Saturday, 21 April 2012

This is the cake I got. :)
It wasn’t just family and friends I left behind. I also left a big bunch of work mates (some of them are also good friends) behind. They were a huge part of my life and I like them a lot. I was so moved when they gave me a friend book filled by them and an emergency fund they had collected for me. I also got a cake! I quite couldn't finish the cake on my own so I got a little bit help from my friends. :) That night was one of the best with my work mates and I must say I miss them. Even more now that I just read the friend book through.
When I was still in Finland I was known to sleep late and not wake up early if I didn’t have to. It was nothing unusual if I got up at 3 p.m. after a night at work. Now I couldn’t imagine staying up until the early hours of morning! I’ve become quite a morning person here. My last week’s day off was the first morning in two months that I slept as long as I wanted to, not having the alarm waking me up. Well, I did wake up at 7.30 a.m. and got up because I was just so hungry! :D But after breakfast I just went back to bed and happily slept until 12.30 p.m. And I had decided I shouldn’t have to feel guilty for sleeping for once!

I really like the mornings when I do opening at the hostel. It’s nice to get up and go around in cool crisp air listening to the sound of birds and pretty often you can also enjoy the sun shining its early morning rays.
If I wake up before my alarm it’s pretty easy to tell by listening to the sounds around if it’s time to get up or not, without even looking at the clock. If you can hear birds (they can be really loud in the morning!), there’s no need to get up, but if there are no sound of the birds, it just might be good to get up and have breakfast, maybe.


Yamba was one of my few stops along the coast south of Brisbane. I must say I liked it. It was small, but you had everything you needed close by. I just wished I had been able to surf I would have enjoyed my time there even more. There’s only one hostel, so it wasn’t hard to decide where to stay.
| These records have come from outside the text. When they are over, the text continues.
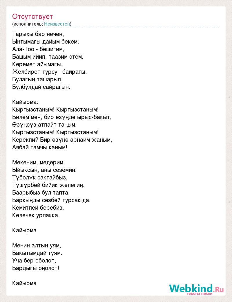 Тарыхы бар нечен, Ынтымагы дайым бекем. Ала-Тоо - бешигим, Башым ийип, таазим этем. Керемет айымагы, Желбиреп турсун байрагы. Булагың ташарып, Булбулдай сайрагын. Кайырма: Кыргызстаным! Кыргызстаным! Билем мен, бир өзүңдө ырыс-бакыт, Өзүңсүз атпайт таңым. Кыргызстаным! Кыргызстаным! Керекпи? Бир өзүңө арнайм жаным, Аябай тамчы каным! Мекеним, медерим, Ыйыксың, аны сеземин. Түбөлүк сактайбыз, Түшүрбөй бийик желегиң. Баарыбыз бул тапта, Баркыңды сезбей турсак да. Кемитпей беребиз, Келечек урпакка. Кайырма Менин алтын уям, Бакытымдай туям. Уча бер оболоп, Бардыгы оңолот! Кайырма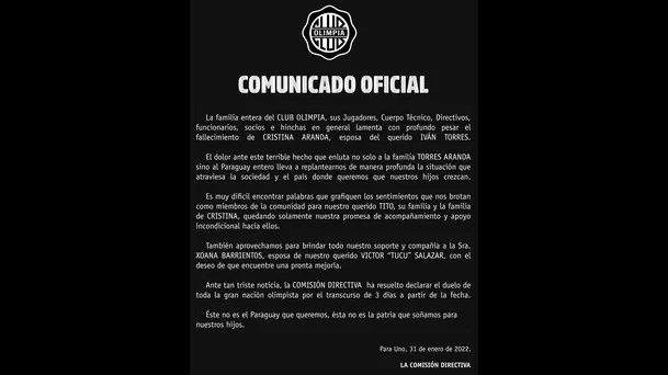 También recibió un impacto de bala en la pierna pero se encuentra estable Xoana Barrientos, esposa del jugador argentino oriundo de Tucumán, Víctor Salazar, de 28 años, defensa de Olimpia.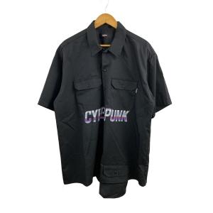 MYne MIHARA YASUHIRO◆CYBER PUNK WORK SHIRT/半袖シャツ/M/ポリエステル/ブラック/G03SH121/マイン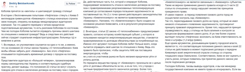 Нардеп упоминает выводы Очень Важных международных аудиторских компаний, но забывает добавить их названия и, собственно, выводы. Здесь начинается самое интересное: Белоцерковец открыто признает, что аудиторы не считают закон «О теплоснабжении» серьёзным аргументом в дискуссии. То есть, закон может обжаловать откровенно левый парень с поддержкой неизвестных аудиторов. Много внимания уделяется предназначению законопроекта, но там вместо анализа также расписаны личные обиды спикера.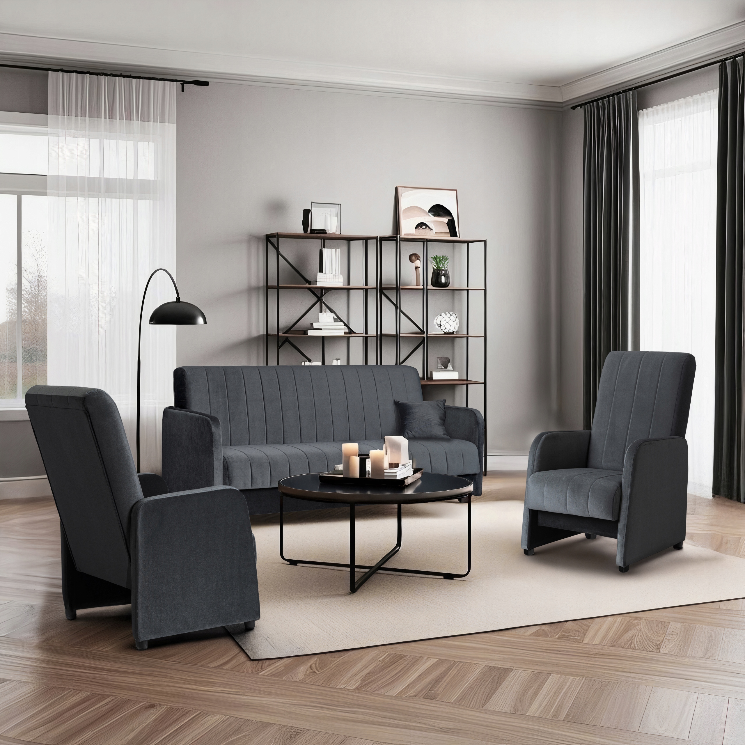 Zestaw Mebli Wersalka Kanapa Rozkładana Szara i 2x Fotel Wypoczynkowy PORTO ⭐⭐⭐⭐⭐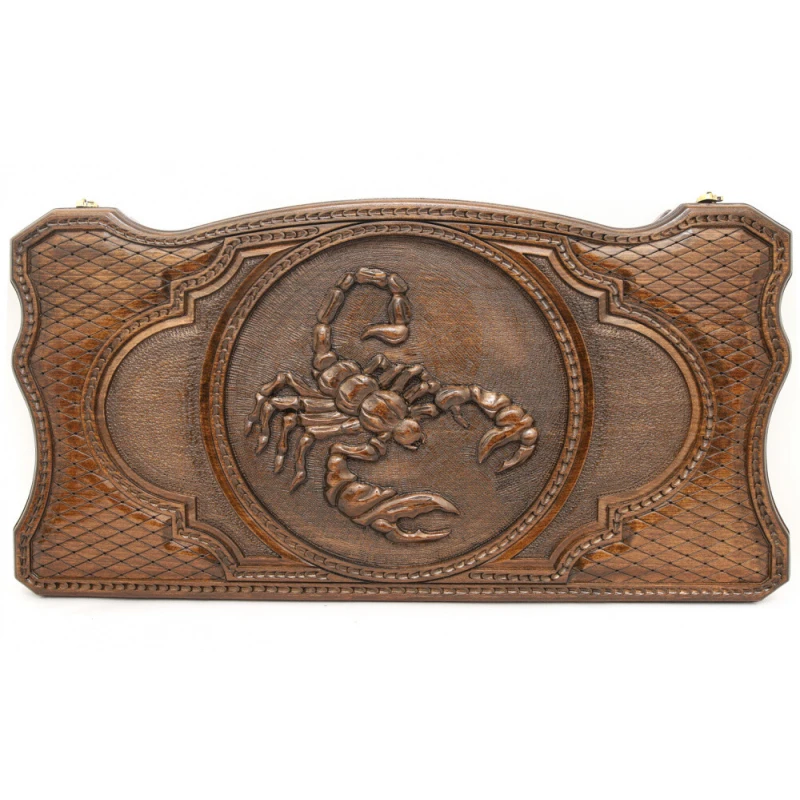 Что в коробке? Доска; Чехол; 2 шестигранных кубика; 32 фишки. Красивый и изящный подарочный набор резных нард «Скорпион 2» – прекрасный вариант пополнения домашней коллекции классических настолок или в качестве подарка. Комплект выполнен известным мастером в лучших традициях ручной резьбы по дереву – это настоящее произведение искусства. Доска сделана из натуральной древесины бука, покрытой защитным лаком. Ее части скреплены между собой износостойкой фурнитурой из настоящей меди. Крышку украшает абстрактный узор и скорпион, на обороте – поле для шашек. Внутренняя часть отведена под поле для нард, которое также украшено изящным узором.

The hostel was really nice and Shane’s tour is a must in Yamba! I had so much fun during those few hours! I just wished I had done it on my first day in Yamba. Yamba has beautiful beaches and it’s a great place to surf, so I gathered from other people. It’s not allowed to have surfing contests in Yamba so it has stayed as a small and relaxed place, not known to huge crowds. The sunsets in Yamba were just one of the best I’ve seen! On my last night I sat on a huge rock on a break wall wind blowing around me and watched the sun go down. It was one of the best moments spent alone I’ve had here. 

One of the nice places Shane took us on his tour.

A nice view in Yamba Bay.

It feels a bit funny that the winter is coming. I’m so used to having winter when it’s in northern hemisphere that it’s a bit weird to have winter when northern hemisphere is having their summer. But what I hear, here in Hervey Bay it just gets a little bit cooler and the sun is shining most of the time. Nights can be cold (nothing compared to Finland though!), but I guess it will be just nicer to sleep when the air is cold, not so warm and humid. I guess the winter here can still be better than Finnish summer! :D

This one needed saving before
someone stepped on it.
Two nights ago I was in the kitchen and one boy said to me: “I think you have a visitor over there.” He pointed towards the shelf with coffee cups. A cricket had found its way inside which is usual in the evenings. I just went to get a paper and got a glass and carried the cricket outside. I wouldn’t have done it two months ago! And later I saved another insect and carried it outside. I was so proud of myself that I didn’t just runaway. I’m sure there will come the time for me to run away! :D





When the sun starts setting here rainbow lorikeets start their singing. If you can call it singing because the noise is so loud that you can hear it when you’re driving a car windows closed! In the evenings they get together and you can see dozens of them in one tree. They look really nice but the noise isn’t charming.
In Port Macquarie it was flying foxes that started their nightly flying at dusk and you could see hundreds of them flying over the river towards Pelican Island. During the day the flying foxes hung in trees in Koolonbung Creek and made just an awful noise. Due to an unknown reason for me they had changed their spot in the forest since I walked there with my sister in December 2010. But they were still equally scary hanging in trees above you and a few flying now and then to another spot. I wouldn’t have liked to be there on my own! :D  



Time seems to be flying by and I guess soon I’ll notice that six months is gone, at least past almost three months have gone in a flash. I know I haven’t seen that many new places but it doesn’t bother me. I’m older than on my previous travels and I don’t feel like rushing from place to place every three or four days. I have the visa for a year so why hurry? On the other had I might soon notice that my year is almost up and I still have loads to see. The more you see the more places you seem to have you want to see. There’s always some other place you want to see. You’ll never sit down and think: “Now I’ve seen everything I want to see.”


"We travel, some of us forever, to seek other states, other lives, other souls."